The Maltese people, all of them, have a right to a period in which to show their reactions to this new Constitution. It is irrelevant whether the right hon. Gentleman in his wisdom is right or wrong in thinking that no further agreement will be reached. He is not the decisive party in this. What is far more important is that the people of Malta should be given an opportunity to show their reactions to the new proposals. That opportunity has never been given.

It is no good telling the House of Commons that many of the proposals contained in this new Constitution have already been discussed throughout Malta, and in London, and by various commissions round the table. That is an irrelevant argument. For the first time we have a new political fact, namely, that from this evening onwards this Bill will have been passed by the House of Commons, and will be on its way. The Maltese people are entitled to show their reaction to this new political fact, but by the method which he has deliberately adopted the right hon. Gentleman has denied them that opportunity.

As my hon. Friends have shown, there are many deeply worrying things about this Constitution, but in view of the relations between this country and Malta over a long period, the heroic past of the people of the island and the close connections between us, we can look into the future only in the hope that somehow, out of the discussions now going on in Malta, policies might develop which will allow free and democratic government in that country.

However much we may worry about the wrong way in which we have gone about this business, in rushing the Bill and in denying to the Maltese people the opportunity to react to it, we can only say to the people of Malta that we hope that they will conduct their political discussions and arguments in such a way as to allow us in this House to say, "There are many people over there who do not agree with what is being done, but they are showing that they themselves are very much concerned to produce a peaceful democratic future for their country."

I can well understand how many of them must feel and how hon.
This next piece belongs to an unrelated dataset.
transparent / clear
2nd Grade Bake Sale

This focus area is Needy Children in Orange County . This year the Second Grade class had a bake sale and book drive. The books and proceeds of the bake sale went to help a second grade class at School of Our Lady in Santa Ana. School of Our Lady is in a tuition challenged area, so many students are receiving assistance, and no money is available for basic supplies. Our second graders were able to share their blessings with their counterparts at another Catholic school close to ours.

Members here would feel if anybody had suggested imposing a constitution on them. It is all very well for the right hon. Gentleman to say that he cannot see any possibility of agreement. It may sound convincing to him, but the leaders of the political parties in Malta will not look at the problem in the same way. His conviction that no political agreement can be reached will sound hollow in their ears. The warning given by my hon. Friend the Member for Ebbw Vale is realistic. There may be grave dangers ahead. The responsibility for them will rest on the shoulders of the right hon. Gentleman and the Cabinet who supported him and his way of going about this matter. I hope that the dangers will not materialise and that ways will be found to give expression to the feelings of the people of Malta.
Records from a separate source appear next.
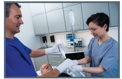
aScope 4 Cysto offers consistent quality every time
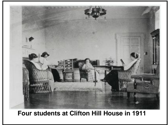
Four students at Clifton Hill House in 1911

It is worth noting that Symonds had been instrumental in the founding of Bristol University College and how pleased the family was when the house was finally sold to the University in 1909 for £5,500, and became the first hall of residence for women in the South West of England. In 1994, a large and little used ladies cloakroom was transformed to house all the remaining possessions of the Symonds family that were scattered in the House. A permanent exhibition with family photographs and memorabilia can now be seen in the Library at Clifton Hill House.
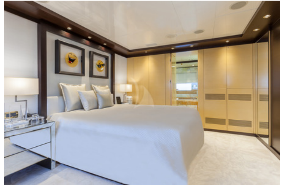
OMEGA BRIDGE DECK EXECUTIVE SUITE
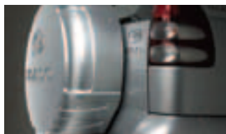
HARD COLOUR CODED SPARE WHEEL COVER Available on all models except Standard (Wide models only)
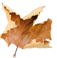
Grass, Weeds, Green Plants, Tree Limbs, Wood Chips, Dead Plants, Brush, Garden Trimmings, Leaves, Cut Flowers (Please place palm fronds, yucca and cacti in the Trash)
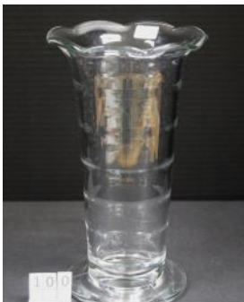
SBA DAY #2 - LOT 100
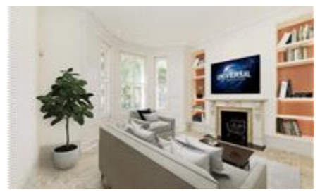
Observatory Gardens, W8 £2,550 pw

There will be many grave difficulties under this Constitution in finding those ways without many bitter struggles among the Maltese people. It would have been a right and proper task of the House of Commons to find ways and means of making the Constitution a basis for the future development of Malta which would have made the struggle less bitter and would have created a proper atmosphere at the start. The failure to do this is the gravamen of my charge against the right hon. Gentleman. This is the responsibility which he will have to bear and of which we shall remind him in due time.

Question put and agreed to.

Bill accordingly read the Third time and passed.